What follows is a set of records; repeat them exactly, without the pictures.

Start of Data listing

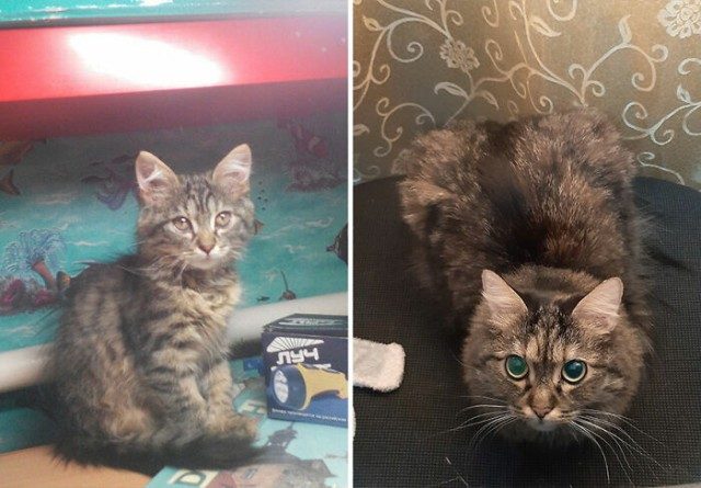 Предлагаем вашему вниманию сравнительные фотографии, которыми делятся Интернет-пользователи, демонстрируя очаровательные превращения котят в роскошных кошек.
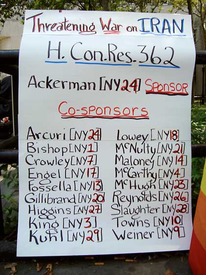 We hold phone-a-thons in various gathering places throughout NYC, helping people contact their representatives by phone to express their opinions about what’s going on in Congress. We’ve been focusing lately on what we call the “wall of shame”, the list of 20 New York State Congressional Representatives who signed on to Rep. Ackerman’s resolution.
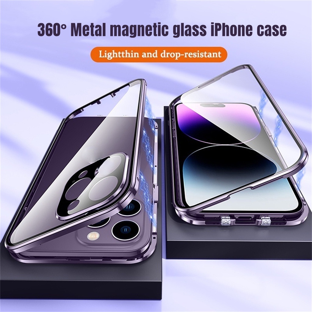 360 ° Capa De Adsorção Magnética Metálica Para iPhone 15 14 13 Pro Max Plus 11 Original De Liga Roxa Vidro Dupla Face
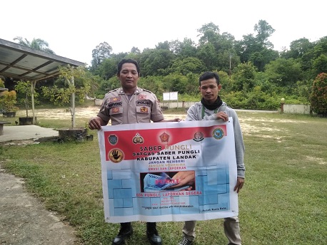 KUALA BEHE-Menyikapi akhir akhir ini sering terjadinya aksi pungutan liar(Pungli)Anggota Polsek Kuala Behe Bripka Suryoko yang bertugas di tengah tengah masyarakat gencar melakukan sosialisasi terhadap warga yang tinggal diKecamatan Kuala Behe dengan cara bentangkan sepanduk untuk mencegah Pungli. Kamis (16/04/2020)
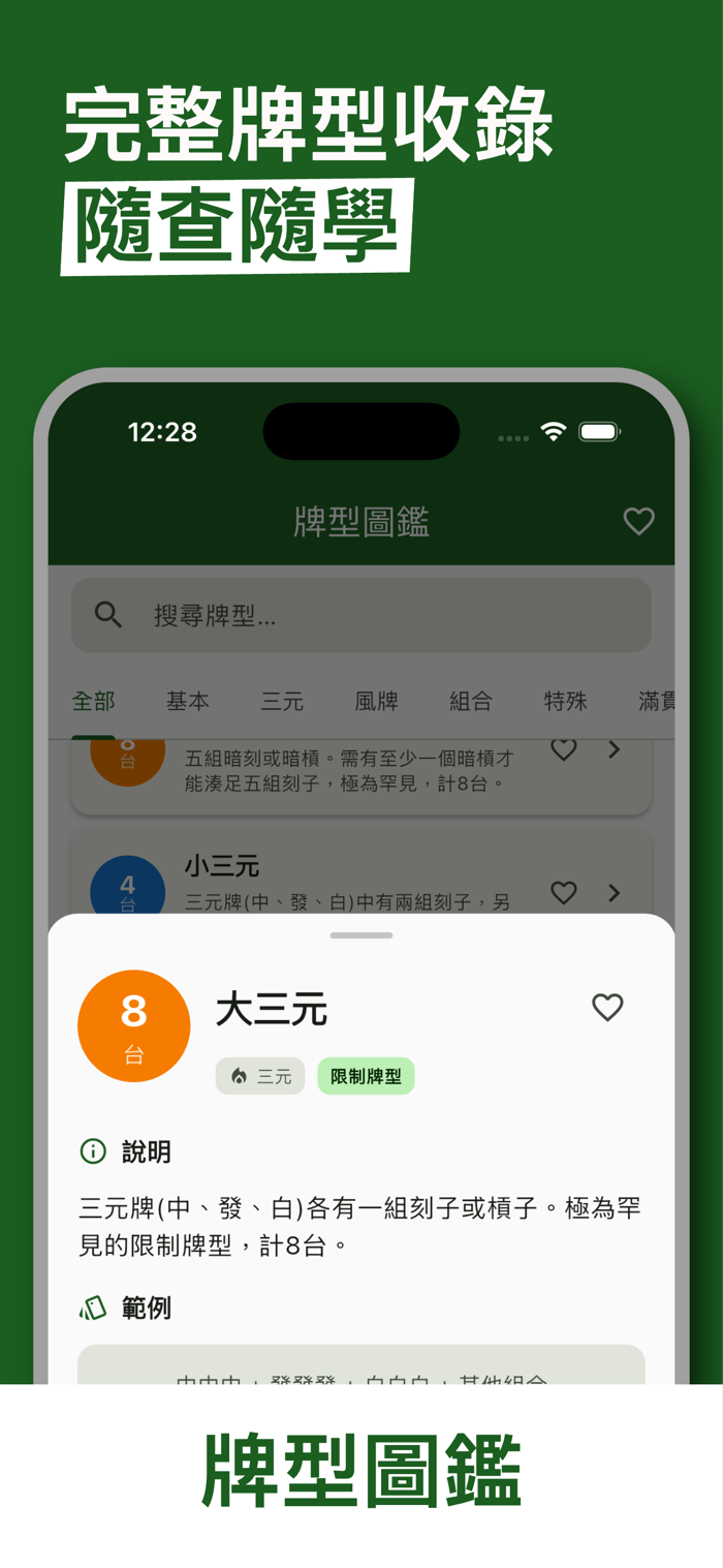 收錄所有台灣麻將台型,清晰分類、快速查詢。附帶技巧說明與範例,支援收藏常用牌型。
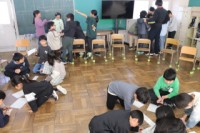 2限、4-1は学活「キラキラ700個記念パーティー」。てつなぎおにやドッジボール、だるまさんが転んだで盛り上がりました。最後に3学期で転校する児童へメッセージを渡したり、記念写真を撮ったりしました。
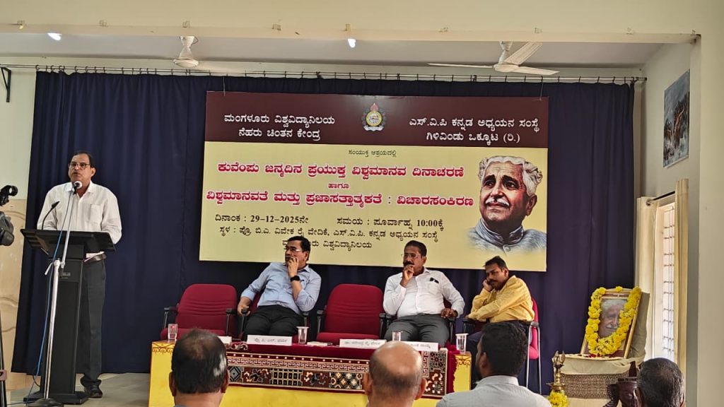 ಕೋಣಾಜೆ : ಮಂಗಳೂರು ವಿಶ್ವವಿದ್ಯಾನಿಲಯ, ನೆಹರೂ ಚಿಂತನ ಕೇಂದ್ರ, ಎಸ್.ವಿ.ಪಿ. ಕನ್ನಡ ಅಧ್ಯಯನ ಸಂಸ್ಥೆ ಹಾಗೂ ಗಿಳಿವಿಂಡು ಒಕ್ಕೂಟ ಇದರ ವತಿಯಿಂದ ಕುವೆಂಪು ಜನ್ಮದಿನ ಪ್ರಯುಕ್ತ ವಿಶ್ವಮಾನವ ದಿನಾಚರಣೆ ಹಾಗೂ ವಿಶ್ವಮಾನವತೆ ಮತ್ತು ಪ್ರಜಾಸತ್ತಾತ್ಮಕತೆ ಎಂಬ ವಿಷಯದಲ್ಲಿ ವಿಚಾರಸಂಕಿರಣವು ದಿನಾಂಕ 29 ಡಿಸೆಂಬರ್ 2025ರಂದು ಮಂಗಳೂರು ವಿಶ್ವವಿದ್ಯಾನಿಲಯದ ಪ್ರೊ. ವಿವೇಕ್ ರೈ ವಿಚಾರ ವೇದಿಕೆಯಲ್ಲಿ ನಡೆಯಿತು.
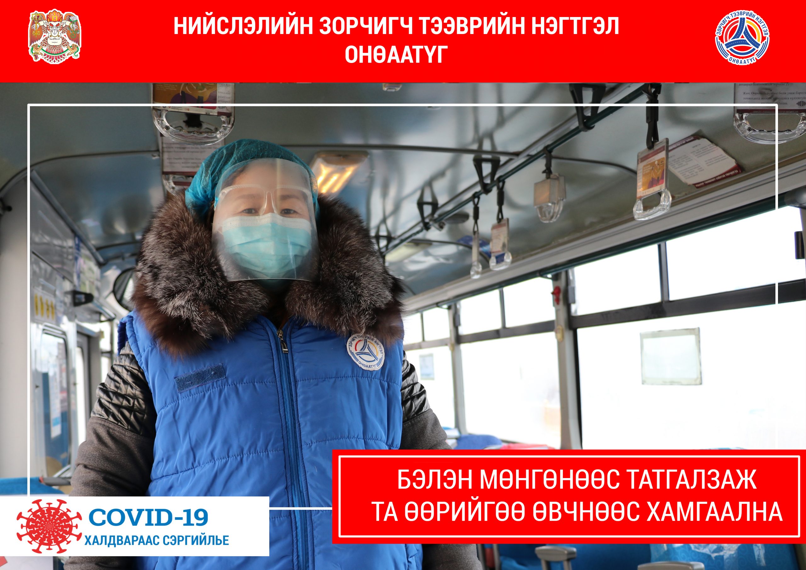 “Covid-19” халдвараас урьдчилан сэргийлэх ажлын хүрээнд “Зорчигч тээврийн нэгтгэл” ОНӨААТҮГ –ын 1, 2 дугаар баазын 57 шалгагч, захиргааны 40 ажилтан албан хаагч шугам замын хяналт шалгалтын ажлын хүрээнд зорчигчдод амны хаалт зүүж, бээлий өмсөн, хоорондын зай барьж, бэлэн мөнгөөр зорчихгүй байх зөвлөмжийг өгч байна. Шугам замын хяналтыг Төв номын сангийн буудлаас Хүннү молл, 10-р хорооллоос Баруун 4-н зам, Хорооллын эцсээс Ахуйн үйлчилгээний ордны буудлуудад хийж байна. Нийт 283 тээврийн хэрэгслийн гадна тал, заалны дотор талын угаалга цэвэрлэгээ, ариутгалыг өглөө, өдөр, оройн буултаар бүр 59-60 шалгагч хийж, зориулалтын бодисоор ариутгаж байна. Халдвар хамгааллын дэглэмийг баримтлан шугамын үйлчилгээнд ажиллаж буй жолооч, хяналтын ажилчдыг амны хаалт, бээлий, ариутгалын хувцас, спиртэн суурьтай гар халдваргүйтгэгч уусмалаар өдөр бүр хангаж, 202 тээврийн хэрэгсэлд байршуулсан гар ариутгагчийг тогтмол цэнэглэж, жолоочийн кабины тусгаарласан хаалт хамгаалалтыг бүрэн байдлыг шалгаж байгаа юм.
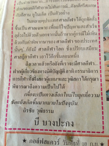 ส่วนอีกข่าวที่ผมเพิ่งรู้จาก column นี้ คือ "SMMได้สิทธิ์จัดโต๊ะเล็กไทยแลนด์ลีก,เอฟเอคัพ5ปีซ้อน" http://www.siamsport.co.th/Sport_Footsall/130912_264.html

End of Data listing

> _Your solution_:
 Предлагаем вашему вниманию сравнительные фотографии, которыми делятся Интернет-пользователи, демонстрируя очаровательные превращения котят в роскошных кошек.
 We hold phone-a-thons in various gathering places throughout NYC, helping people contact their representatives by phone to express their opinions about what’s going on in Congress. We’ve been focusing lately on what we call the “wall of shame”, the list of 20 New York State Congressional Representatives who signed on to Rep. Ackerman’s resolution.
 360 ° Capa De Adsorção Magnética Metálica Para iPhone 15 14 13 Pro Max Plus 11 Original De Liga Roxa Vidro Dupla Face
 KUALA BEHE-Menyikapi akhir akhir ini sering terjadinya aksi pungutan liar(Pungli)Anggota Polsek Kuala Behe Bripka Suryoko yang bertugas di tengah tengah masyarakat gencar melakukan sosialisasi terhadap warga yang tinggal diKecamatan Kuala Behe dengan cara bentangkan sepanduk untuk mencegah Pungli. Kamis (16/04/2020)
 收錄所有台灣麻將台型,清晰分類、快速查詢。附帶技巧說明與範例,支援收藏常用牌型。
 2限、4-1は学活「キラキラ700個記念パーティー」。てつなぎおにやドッジボール、だるまさんが転んだで盛り上がりました。最後に3学期で転校する児童へメッセージを渡したり、記念写真を撮ったりしました。
 ಕೋಣಾಜೆ : ಮಂಗಳೂರು ವಿಶ್ವವಿದ್ಯಾನಿಲಯ, ನೆಹರೂ ಚಿಂತನ ಕೇಂದ್ರ, ಎಸ್.ವಿ.ಪಿ. ಕನ್ನಡ ಅಧ್ಯಯನ ಸಂಸ್ಥೆ ಹಾಗೂ ಗಿಳಿವಿಂಡು ಒಕ್ಕೂಟ ಇದರ ವತಿಯಿಂದ ಕುವೆಂಪು ಜನ್ಮದಿನ ಪ್ರಯುಕ್ತ ವಿಶ್ವಮಾನವ ದಿನಾಚರಣೆ ಹಾಗೂ ವಿಶ್ವಮಾನವತೆ ಮತ್ತು ಪ್ರಜಾಸತ್ತಾತ್ಮಕತೆ ಎಂಬ ವಿಷಯದಲ್ಲಿ ವಿಚಾರಸಂಕಿರಣವು ದಿನಾಂಕ 29 ಡಿಸೆಂಬರ್ 2025ರಂದು ಮಂಗಳೂರು ವಿಶ್ವವಿದ್ಯಾನಿಲಯದ ಪ್ರೊ. ವಿವೇಕ್ ರೈ ವಿಚಾರ ವೇದಿಕೆಯಲ್ಲಿ ನಡೆಯಿತು.
 “Covid-19” халдвараас урьдчилан сэргийлэх ажлын хүрээнд “Зорчигч тээврийн нэгтгэл” ОНӨААТҮГ –ын 1, 2 дугаар баазын 57 шалгагч, захиргааны 40 ажилтан албан хаагч шугам замын хяналт шалгалтын ажлын хүрээнд зорчигчдод амны хаалт зүүж, бээлий өмсөн, хоорондын зай барьж, бэлэн мөнгөөр зорчихгүй байх зөвлөмжийг өгч байна. Шугам замын хяналтыг Төв номын сангийн буудлаас Хүннү молл, 10-р хорооллоос Баруун 4-н зам, Хорооллын эцсээс Ахуйн үйлчилгээний ордны буудлуудад хийж байна. Нийт 283 тээврийн хэрэгслийн гадна тал, заалны дотор талын угаалга цэвэрлэгээ, ариутгалыг өглөө, өдөр, оройн буултаар бүр 59-60 шалгагч хийж, зориулалтын бодисоор ариутгаж байна. Халдвар хамгааллын дэглэмийг баримтлан шугамын үйлчилгээнд ажиллаж буй жолооч, хяналтын ажилчдыг амны хаалт, бээлий, ариутгалын хувцас, спиртэн суурьтай гар халдваргүйтгэгч уусмалаар өдөр бүр хангаж, 202 тээврийн хэрэгсэлд байршуулсан гар ариутгагчийг тогтмол цэнэглэж, жолоочийн кабины тусгаарласан хаалт хамгаалалтыг бүрэн байдлыг шалгаж байгаа юм.
 ส่วนอีกข่าวที่ผมเพิ่งรู้จาก column นี้ คือ "SMMได้สิทธิ์จัดโต๊ะเล็กไทยแลนด์ลีก,เอฟเอคัพ5ปีซ้อน" http://www.siamsport.co.th/Sport_Footsall/130912_264.html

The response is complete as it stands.